F_{N} (n) = \sum_{i = 2 N - 2}^{n - 1} \frac{F_{N - 1} (i - 1)}{i}

with initial condition

F_{1} (n) = 1

$J$	$U (J, n)$
{0;1}	$F_{2} (n)$
{2}	$- F_{2} (n)$
{-1;2}	$F_{3} (n)$
{3}	$F_{3} (n) - \frac{3}{2} \frac{1}{n - 1} + \frac{3}{4}$
{1,1}	$\frac{5}{2} \frac{1}{n - 1} - \frac{5}{4} - 2 F_{3} (n)$
{4}	$\frac{29}{72} - \frac{7}{12} \frac{1}{n - 2} - \frac{25}{12} \frac{1}{n - 1} + \frac{3}{2} (\frac{1}{n - 1} - \frac{1}{2}) F_{2} (n - 2) - F_{4} (n)$
{1,0,1}	$\frac{1}{6} - \frac{2}{n - 1} + \frac{1}{n - 2} + F_{2} (n - 2) (\frac{1}{n - 1} - \frac{1}{2})$
{-1;1;1}	$- \frac{5}{12} + \frac{1}{2} (\frac{1}{n + 1} + \frac{1}{n + 2}) + F_{2} (n - 2) (\frac{1}{2} - \frac{1}{n - 1})$
{2;1}	$3 F_{4} (n) + F_{2} (n - 2) 4 (\frac{1}{2} - \frac{1}{n - 1}) + \frac{7}{2} \frac{1}{n - 2} + \frac{1}{2} \frac{1}{n - 1} - \frac{83}{72}$
{0;2}	$\frac{11}{12} - \frac{2}{n - 1} - \frac{1}{2} \frac{1}{n - 2} + \frac{5}{2} (\frac{1}{n - 1} - \frac{1}{2}) F_{2} (n - 2) - 3 F_{4} (n)$

We can guess the form as

U (j_{r}, n) = \sum_{l = 0}^{N - 1} K_{l} ({j_{r}}, n) F_{N - l} (n - l)
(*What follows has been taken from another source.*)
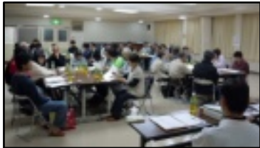
新理事・班長会議

4月22日、今年度、区のまとめ役をお願いします区長、町づくり部員としてお世話いただきます理事、そして班の取りまとめ役の班長さん方にお集まりいただきました。それぞれの業務内容を資料に基づいて説明させていただきました。特に今年度から理事さんには、消火栓器具箱内のノズルなどの盗難があった事を踏まえ、消火栓器具箱の月2回の点検を新たにお願いするようになりました。この1年間、どうぞよろしくをお願いします。

Through some shady techniques, we can find

K_{0} (j_{1}, j_{2}) = (- 1)^{j_{1} + j_{2} + 1} (\begin{matrix} j_{1} + 2 j_{2} - 1 \\ j_{2} \end{matrix})

K_{1} (j_{1}, j_{2}) = 0

K_{2} (j_{1}, j_{2}) = (\frac{1}{2} - \frac{1}{n - 1}) (- 1)^{j_{1} + j_{2}} ((\begin{matrix} j_{1} + 2 j_{2} - 3 \\ j_{2} \end{matrix}) - \frac{5}{2} (\begin{matrix} j_{1} + 2 j_{2} - 2 \\ j_{2} \end{matrix}))

This is actually only true if $j_{i} = 0 \forall i > 2$ as all of those case, create "parralel" solutions, which should respect similar recurence equations but with different initial conditions.

The form should be injected in the equation to find general solutions but the computations is very complicated and I was not able to get through with it at the moment.